Skip any image you find and restate the rest of the data word for word.

**SUPPLIED MATERIAL**

□ □ □ □

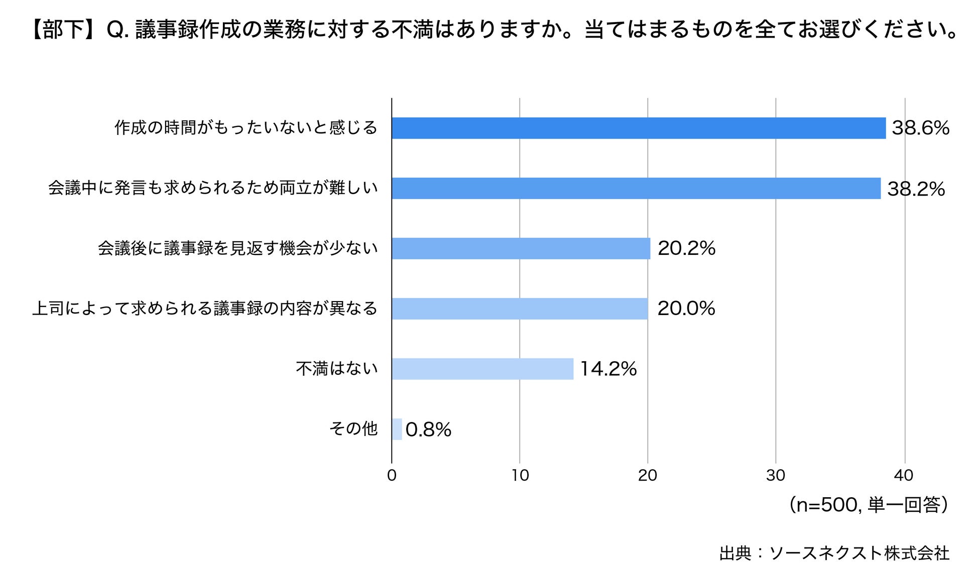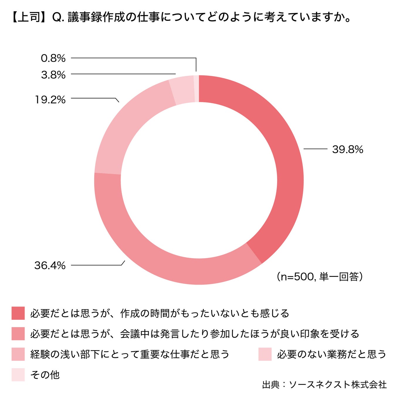 さらに、上司に対して、議事録作成の仕事についてどのように考えていますかと聞くと、「必要だとは思うが、作成の時間がもったいない(39.8%)」に次いで、第2位に「必要だとは思うが、会議中は発言したり参加したほうが良い(36.4%)」がランクインするなど、上司、部下共に、会議においては意見や発言をすることに価値があると考えていることがわかりました。
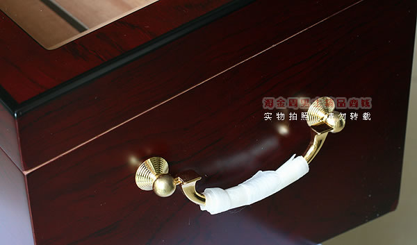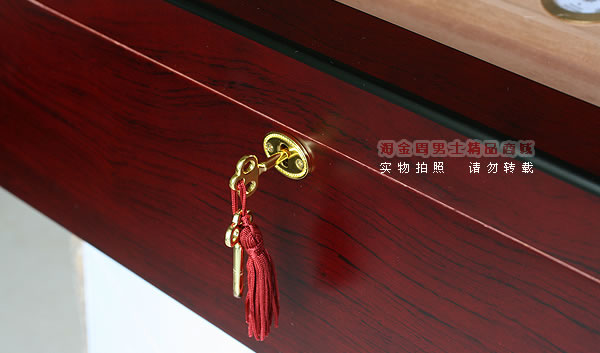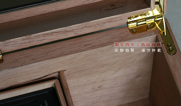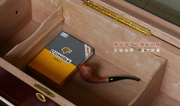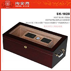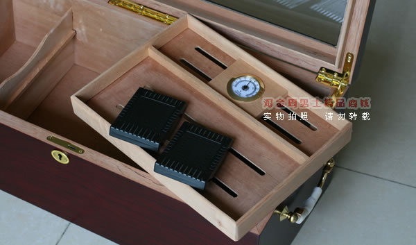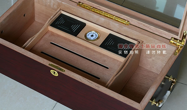 【物品描述】带托盘酒店展示雪茄合,两边及前部顶盖带镀金提手,可装150支雪 茄,带湿度表及保湿合,内部双层结构,表面花梨木,PU亚光。
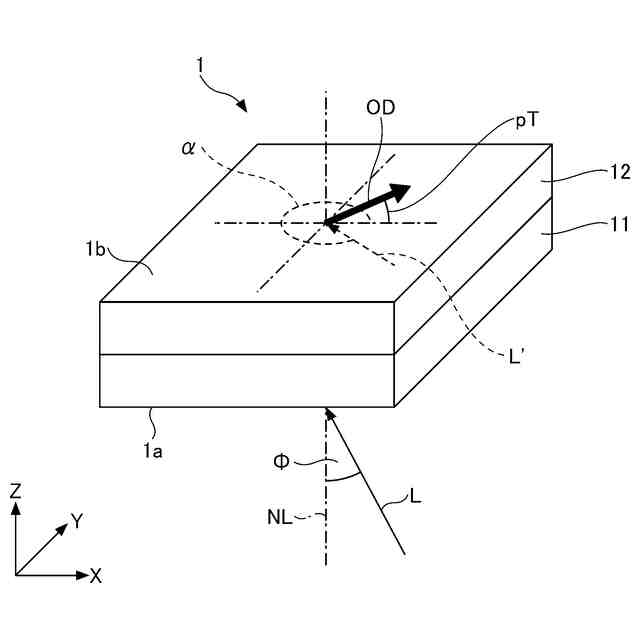 以下に示す図面において、方向を表すために、X軸、Y軸及びZ軸を備える直交座標を用いる。X軸に沿うX方向は、実施形態に係る位相差素子における光の入射面に沿う面内における所定方向を示す。Y軸に沿うY方向は、上記面内においてX方向と直交する方向を示す。Z軸に沿うZ方向は上記面に直交する方向を示す。X方向で矢印が向いている方向を+X方向、+X方向の反対方向を-X方向と表記する。Y方向で矢印が向いている方向を+Y方向、+Y方向の反対方向を-Y方向と表記する。Z方向で矢印が向いている方向を+Z方向、+Z方向の反対方向を-Z方向と表記する。実施形態では、+Z方向に進む光が位相差素子に入射し、位相差素子を透過した後、位相差素子から出射するものとする。本明細書では、光は+Z方向に進むものとする。また、本明細書において、+Z方向を「上」又は「上方」といい、-Z方向を「下」又は「下方」という。上面視とは、+Z方向から対象物を視ることをいう。但し、これらの方向表現は、本開示の実施形態の方向を限定するものではない。
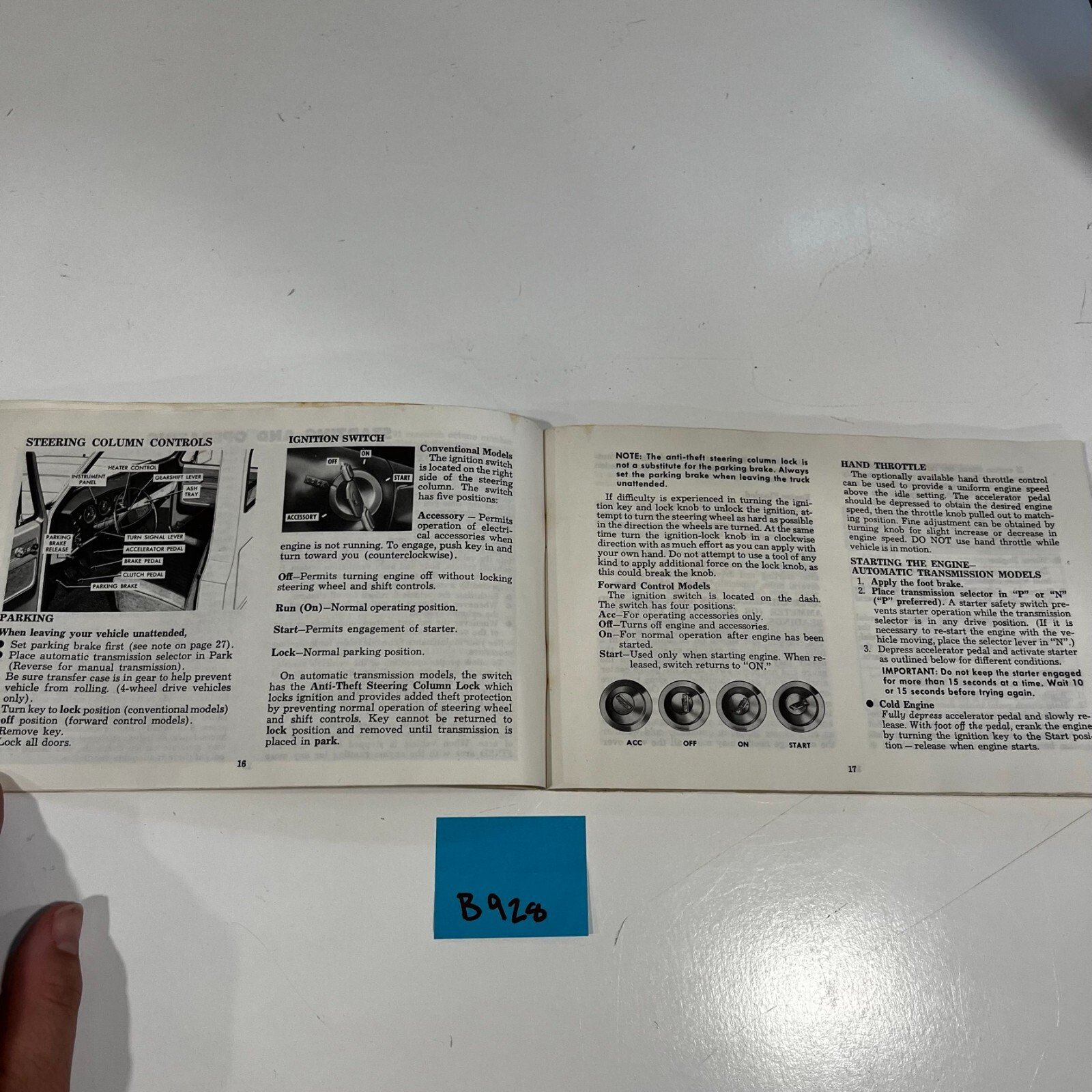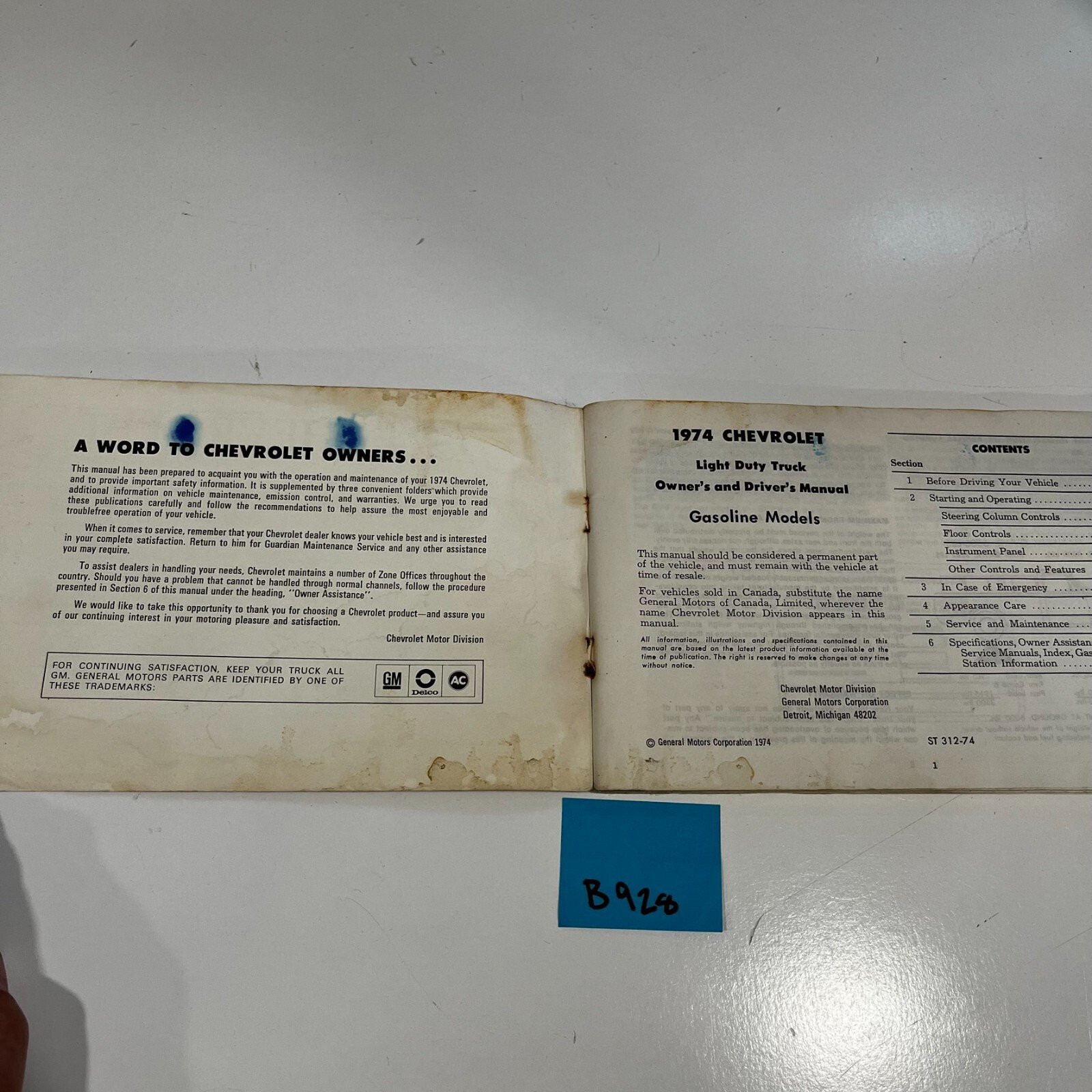 Owners and drivers manual 1974 Chevy Chevrolet light duty truck gasoline B928

□ □ □ □

**PROBLEM SOLUTION**
 さらに、上司に対して、議事録作成の仕事についてどのように考えていますかと聞くと、「必要だとは思うが、作成の時間がもったいない(39.8%)」に次いで、第2位に「必要だとは思うが、会議中は発言したり参加したほうが良い(36.4%)」がランクインするなど、上司、部下共に、会議においては意見や発言をすることに価値があると考えていることがわかりました。
 【物品描述】带托盘酒店展示雪茄合,两边及前部顶盖带镀金提手,可装150支雪 茄,带湿度表及保湿合,内部双层结构,表面花梨木,PU亚光。
 以下に示す図面において、方向を表すために、X軸、Y軸及びZ軸を備える直交座標を用いる。X軸に沿うX方向は、実施形態に係る位相差素子における光の入射面に沿う面内における所定方向を示す。Y軸に沿うY方向は、上記面内においてX方向と直交する方向を示す。Z軸に沿うZ方向は上記面に直交する方向を示す。X方向で矢印が向いている方向を+X方向、+X方向の反対方向を-X方向と表記する。Y方向で矢印が向いている方向を+Y方向、+Y方向の反対方向を-Y方向と表記する。Z方向で矢印が向いている方向を+Z方向、+Z方向の反対方向を-Z方向と表記する。実施形態では、+Z方向に進む光が位相差素子に入射し、位相差素子を透過した後、位相差素子から出射するものとする。本明細書では、光は+Z方向に進むものとする。また、本明細書において、+Z方向を「上」又は「上方」といい、-Z方向を「下」又は「下方」という。上面視とは、+Z方向から対象物を視ることをいう。但し、これらの方向表現は、本開示の実施形態の方向を限定するものではない。
 Owners and drivers manual 1974 Chevy Chevrolet light duty truck gasoline B928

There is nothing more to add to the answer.